Air China will be the world’s most valuable airline by market capitalization within the next three years powered by its multi-year growth potential. Chinese carriers will benefit from double-digit earnings growth driven by strong demand, higher cost economies and capacity additions.
Revenue growth driven by capacity expansion
Chinese airlines revenue growth will outpace both regional and global peers in 2018-20 driven primarily by a significant capacity and network expansion.
From 2012-17, Chinese airlines’ revenue increased by a CAGR of 4.3%, outpacing Delta’s topline CAGR of 2.4%. From 2018-20, Chinese carriers’ revenue is forecasted to accelerate at double the pace, at a CAGR of 9.7%, whereas Delta top-line will grow at a CAGR of 3%.
Double-digit profit CAGR for Chinese airlines
Chinese airlines’ profit grew at a CAGR of 16% in 2012-17, lagging U.S. carriers Delta (18%) and United (28%).
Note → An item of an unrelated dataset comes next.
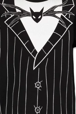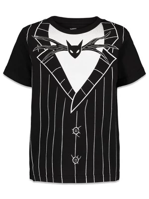 Join Jack Skellington, the Pumpkin King, as he stumbles from Halloween Town to Christmas Town and becomes awed by the festive winter holiday. Help Jack, Sally, Zero the dog, and the other citizens of Halloween Town celebrate and successfully take over Christmas from Santa Claus—without getting Oogie Boogie involved this time! Get your little one ready for this exciting, spooktacular, jolly adventure with this Disney Nightmare Before Christmas Short Sleeve T-Shirt. With artwork featuring their favorite skeleton character in his cool pinstripe suit, your kid will love wearing this [PieceDescriptionKeywords].

Demand, lower costs and consolidation in the U.S. aviation market helped U.S. carriers’ profitability.
For 2018-20, Chinese carriers’ profit is forecasted to grow at a CAGR of over 20%, whereas earnings growth for U.S. carriers is expected to be muted.
Chinese airlines’ capacity will grow 50% by 2022
Bloomberg Intelligence estimates show domestic annual capacity growth through 2022 at a CAGR of 9% in the low-case scenario, 9.7% in the expected case, and 11.2% in a high-case scenario.
Continued international expansion by Chinese airlines will also fuel additional aircraft demand, benefiting the two big global manufacturers Boeing and Airbus.
Chinese carriers will add significant capacity over the next three years. According to the latest annual reports, the flag carrier Air China group will add 170 aircraft to its fleet in 2018-20 with 54 in 2018, 63 in 2019 and 53 in 2020. China Southern will also add 220 aircraft.